## Work instructions
The data below should be retyped exactly, with the pictures left out.

:::

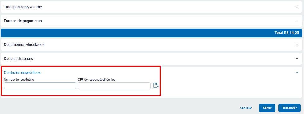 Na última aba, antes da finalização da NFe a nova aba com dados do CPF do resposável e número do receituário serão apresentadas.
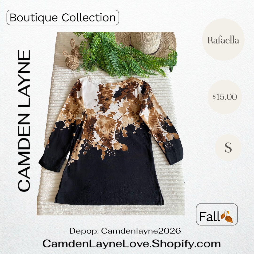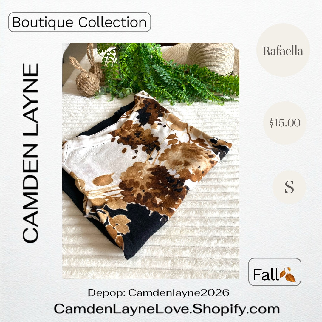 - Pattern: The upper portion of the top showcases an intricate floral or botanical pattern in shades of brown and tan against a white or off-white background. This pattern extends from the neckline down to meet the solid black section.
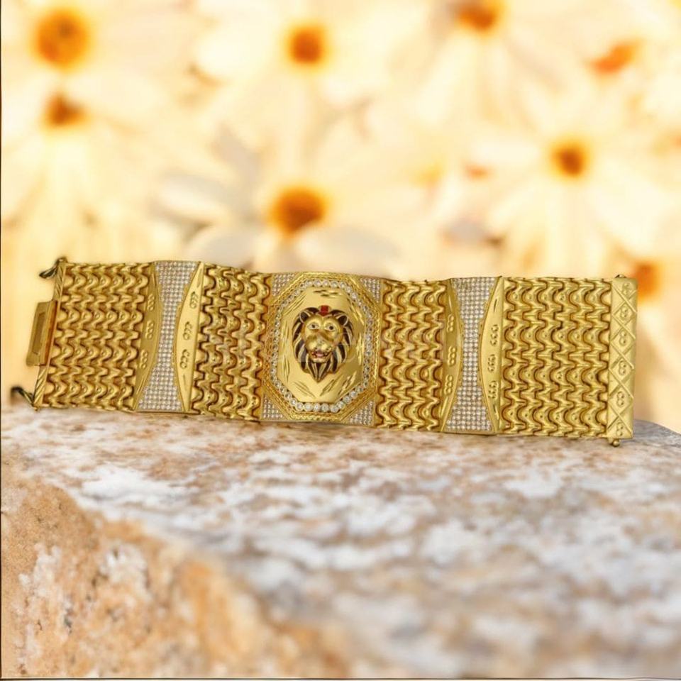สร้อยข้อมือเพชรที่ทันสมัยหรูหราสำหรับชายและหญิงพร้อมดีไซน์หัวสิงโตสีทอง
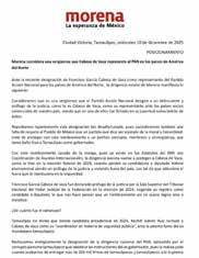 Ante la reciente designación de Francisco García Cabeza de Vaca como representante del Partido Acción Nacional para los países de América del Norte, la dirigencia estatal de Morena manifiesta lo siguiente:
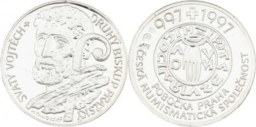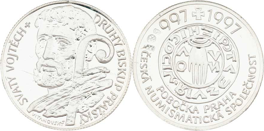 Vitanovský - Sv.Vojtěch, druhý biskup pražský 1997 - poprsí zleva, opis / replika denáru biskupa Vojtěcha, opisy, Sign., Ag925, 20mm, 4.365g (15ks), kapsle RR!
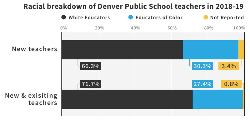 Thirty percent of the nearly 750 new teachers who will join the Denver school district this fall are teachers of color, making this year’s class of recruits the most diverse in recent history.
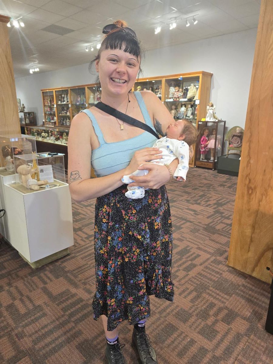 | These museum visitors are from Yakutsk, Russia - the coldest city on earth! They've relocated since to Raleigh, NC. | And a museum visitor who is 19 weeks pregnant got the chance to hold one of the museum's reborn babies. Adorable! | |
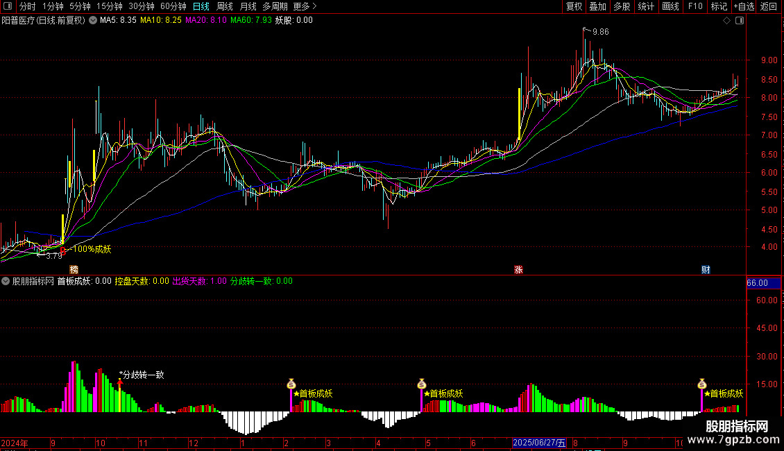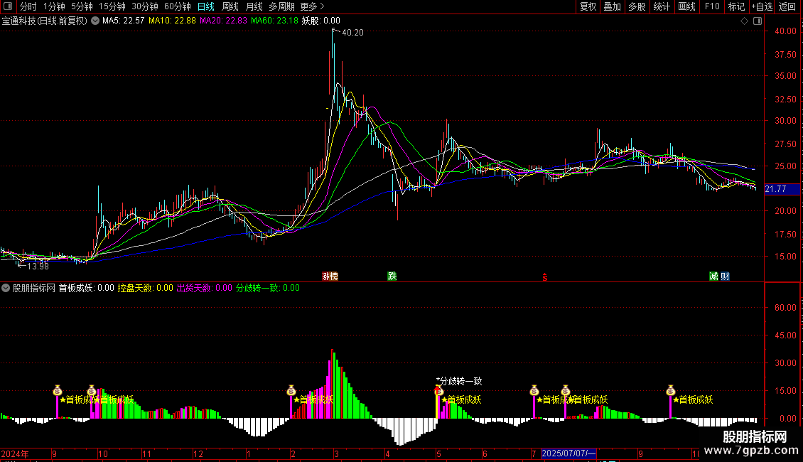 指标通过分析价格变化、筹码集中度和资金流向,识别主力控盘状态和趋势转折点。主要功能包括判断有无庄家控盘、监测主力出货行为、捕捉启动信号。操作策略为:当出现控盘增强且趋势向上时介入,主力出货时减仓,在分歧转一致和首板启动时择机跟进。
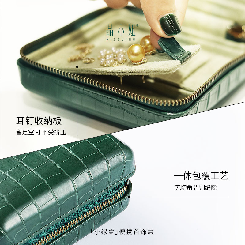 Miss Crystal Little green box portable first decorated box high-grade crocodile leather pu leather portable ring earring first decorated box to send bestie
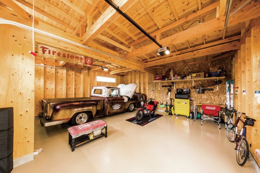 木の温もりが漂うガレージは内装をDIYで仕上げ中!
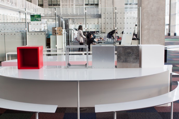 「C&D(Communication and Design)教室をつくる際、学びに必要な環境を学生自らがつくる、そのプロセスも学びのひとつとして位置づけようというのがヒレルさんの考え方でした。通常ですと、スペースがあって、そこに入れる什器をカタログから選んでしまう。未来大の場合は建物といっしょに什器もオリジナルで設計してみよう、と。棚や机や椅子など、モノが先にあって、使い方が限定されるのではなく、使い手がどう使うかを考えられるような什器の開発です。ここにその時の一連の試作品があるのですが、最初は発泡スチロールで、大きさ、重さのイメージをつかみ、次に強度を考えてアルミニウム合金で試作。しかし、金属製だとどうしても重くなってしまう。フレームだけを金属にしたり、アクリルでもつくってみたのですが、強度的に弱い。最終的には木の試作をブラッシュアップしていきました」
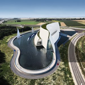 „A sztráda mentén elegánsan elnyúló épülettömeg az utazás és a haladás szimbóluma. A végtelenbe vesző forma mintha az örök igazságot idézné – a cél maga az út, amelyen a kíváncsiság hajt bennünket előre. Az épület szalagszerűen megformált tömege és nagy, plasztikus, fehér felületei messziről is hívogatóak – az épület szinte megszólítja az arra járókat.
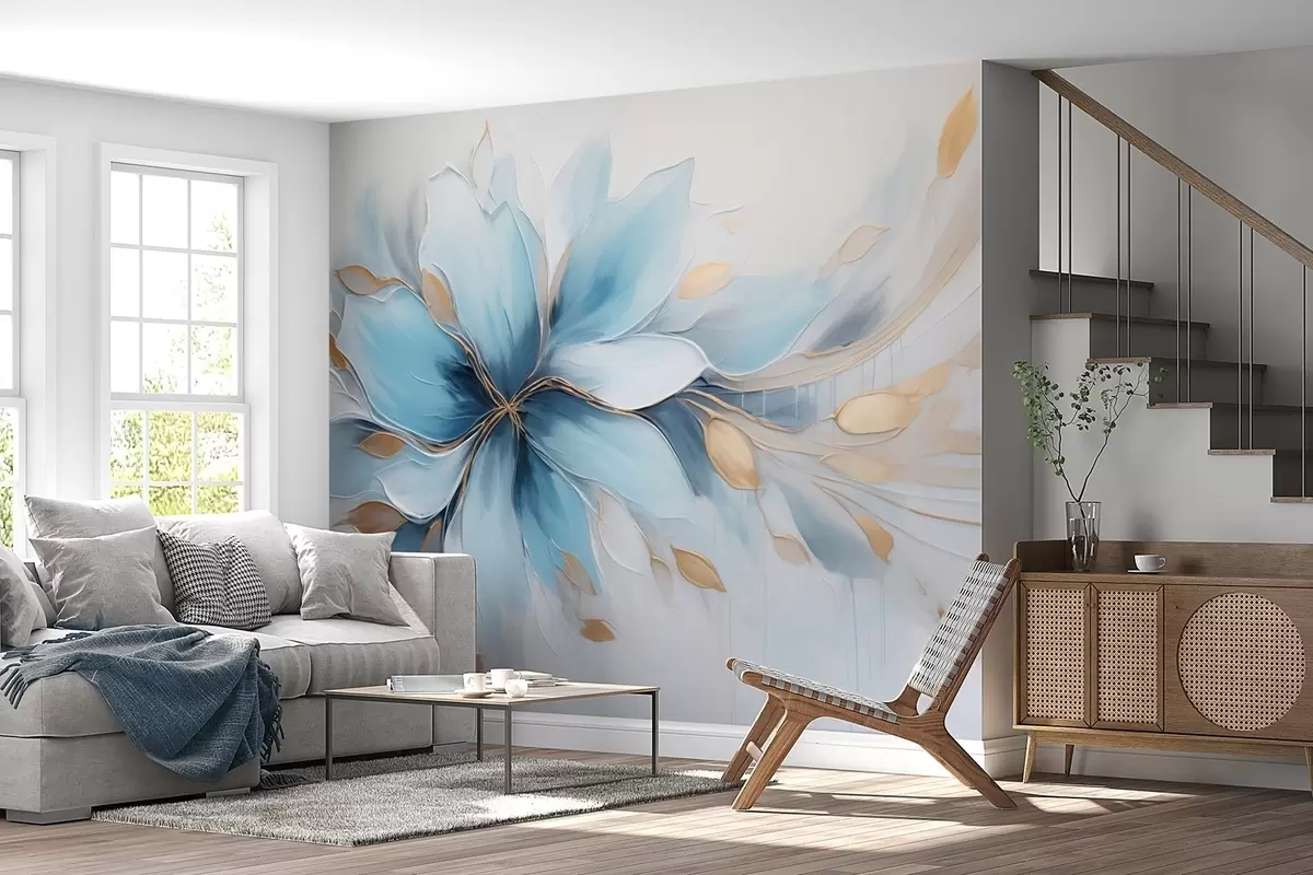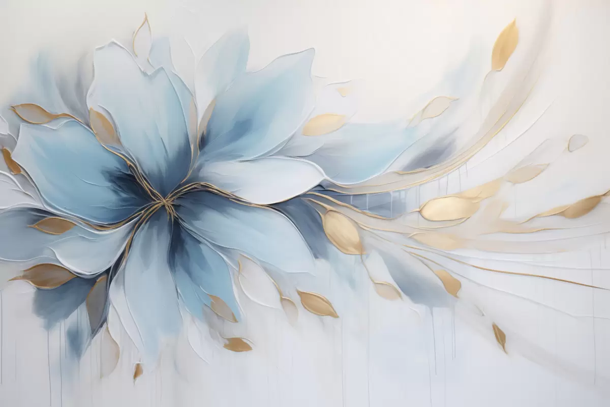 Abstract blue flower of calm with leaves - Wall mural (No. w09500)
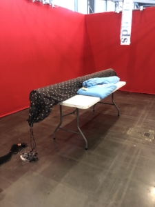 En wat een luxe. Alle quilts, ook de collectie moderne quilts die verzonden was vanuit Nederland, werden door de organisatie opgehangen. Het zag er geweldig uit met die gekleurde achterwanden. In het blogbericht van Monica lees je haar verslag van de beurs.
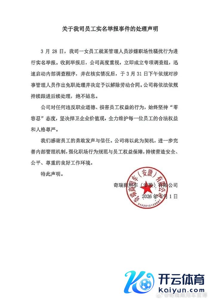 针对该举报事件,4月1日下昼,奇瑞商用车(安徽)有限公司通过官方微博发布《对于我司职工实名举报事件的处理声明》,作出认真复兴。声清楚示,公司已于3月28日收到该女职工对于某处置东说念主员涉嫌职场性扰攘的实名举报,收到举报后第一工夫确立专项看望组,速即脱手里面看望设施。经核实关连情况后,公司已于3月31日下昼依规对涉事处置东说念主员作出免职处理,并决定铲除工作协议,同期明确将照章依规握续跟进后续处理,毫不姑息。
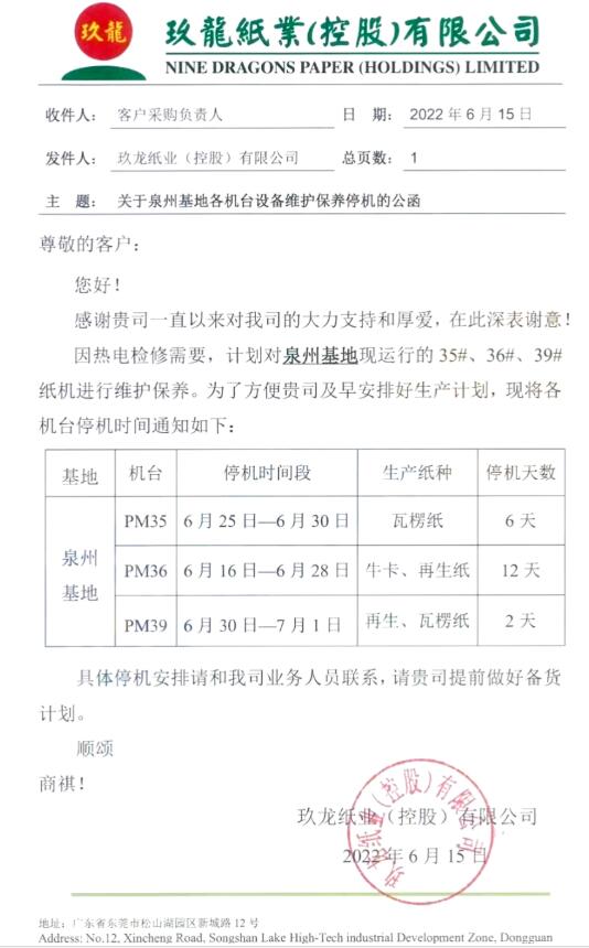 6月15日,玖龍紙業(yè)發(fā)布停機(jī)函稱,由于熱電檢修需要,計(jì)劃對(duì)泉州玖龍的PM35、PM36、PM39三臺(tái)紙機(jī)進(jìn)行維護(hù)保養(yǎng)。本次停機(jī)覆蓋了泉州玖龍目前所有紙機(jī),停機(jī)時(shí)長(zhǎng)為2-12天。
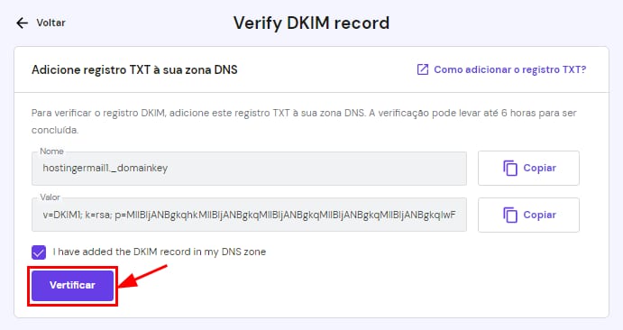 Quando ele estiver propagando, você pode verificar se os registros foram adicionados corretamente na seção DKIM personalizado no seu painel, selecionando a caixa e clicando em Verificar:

:::

## Exercise response
 Na última aba, antes da finalização da NFe a nova aba com dados do CPF do resposável e número do receituário serão apresentadas.
 - Pattern: The upper portion of the top showcases an intricate floral or botanical pattern in shades of brown and tan against a white or off-white background. This pattern extends from the neckline down to meet the solid black section.
สร้อยข้อมือเพชรที่ทันสมัยหรูหราสำหรับชายและหญิงพร้อมดีไซน์หัวสิงโตสีทอง
 Ante la reciente designación de Francisco García Cabeza de Vaca como representante del Partido Acción Nacional para los países de América del Norte, la dirigencia estatal de Morena manifiesta lo siguiente:
 Vitanovský - Sv.Vojtěch, druhý biskup pražský 1997 - poprsí zleva, opis / replika denáru biskupa Vojtěcha, opisy, Sign., Ag925, 20mm, 4.365g (15ks), kapsle RR!
 Thirty percent of the nearly 750 new teachers who will join the Denver school district this fall are teachers of color, making this year’s class of recruits the most diverse in recent history.
 | These museum visitors are from Yakutsk, Russia - the coldest city on earth! They've relocated since to Raleigh, NC. | And a museum visitor who is 19 weeks pregnant got the chance to hold one of the museum's reborn babies. Adorable! | |
 指标通过分析价格变化、筹码集中度和资金流向,识别主力控盘状态和趋势转折点。主要功能包括判断有无庄家控盘、监测主力出货行为、捕捉启动信号。操作策略为:当出现控盘增强且趋势向上时介入,主力出货时减仓,在分歧转一致和首板启动时择机跟进。
 Miss Crystal Little green box portable first decorated box high-grade crocodile leather pu leather portable ring earring first decorated box to send bestie
 木の温もりが漂うガレージは内装をDIYで仕上げ中!
 「C&D(Communication and Design)教室をつくる際、学びに必要な環境を学生自らがつくる、そのプロセスも学びのひとつとして位置づけようというのがヒレルさんの考え方でした。通常ですと、スペースがあって、そこに入れる什器をカタログから選んでしまう。未来大の場合は建物といっしょに什器もオリジナルで設計してみよう、と。棚や机や椅子など、モノが先にあって、使い方が限定されるのではなく、使い手がどう使うかを考えられるような什器の開発です。ここにその時の一連の試作品があるのですが、最初は発泡スチロールで、大きさ、重さのイメージをつかみ、次に強度を考えてアルミニウム合金で試作。しかし、金属製だとどうしても重くなってしまう。フレームだけを金属にしたり、アクリルでもつくってみたのですが、強度的に弱い。最終的には木の試作をブラッシュアップしていきました」
 „A sztráda mentén elegánsan elnyúló épülettömeg az utazás és a haladás szimbóluma. A végtelenbe vesző forma mintha az örök igazságot idézné – a cél maga az út, amelyen a kíváncsiság hajt bennünket előre. Az épület szalagszerűen megformált tömege és nagy, plasztikus, fehér felületei messziről is hívogatóak – az épület szinte megszólítja az arra járókat.
 Abstract blue flower of calm with leaves - Wall mural (No. w09500)
 En wat een luxe. Alle quilts, ook de collectie moderne quilts die verzonden was vanuit Nederland, werden door de organisatie opgehangen. Het zag er geweldig uit met die gekleurde achterwanden. In het blogbericht van Monica lees je haar verslag van de beurs.
 针对该举报事件,4月1日下昼,奇瑞商用车(安徽)有限公司通过官方微博发布《对于我司职工实名举报事件的处理声明》,作出认真复兴。声清楚示,公司已于3月28日收到该女职工对于某处置东说念主员涉嫌职场性扰攘的实名举报,收到举报后第一工夫确立专项看望组,速即脱手里面看望设施。经核实关连情况后,公司已于3月31日下昼依规对涉事处置东说念主员作出免职处理,并决定铲除工作协议,同期明确将照章依规握续跟进后续处理,毫不姑息。
 6月15日,玖龍紙業(yè)發(fā)布停機(jī)函稱,由于熱電檢修需要,計(jì)劃對(duì)泉州玖龍的PM35、PM36、PM39三臺(tái)紙機(jī)進(jìn)行維護(hù)保養(yǎng)。本次停機(jī)覆蓋了泉州玖龍目前所有紙機(jī),停機(jī)時(shí)長(zhǎng)為2-12天。
 Quando ele estiver propagando, você pode verificar se os registros foram adicionados corretamente na seção DKIM personalizado no seu painel, selecionando a caixa e clicando em Verificar:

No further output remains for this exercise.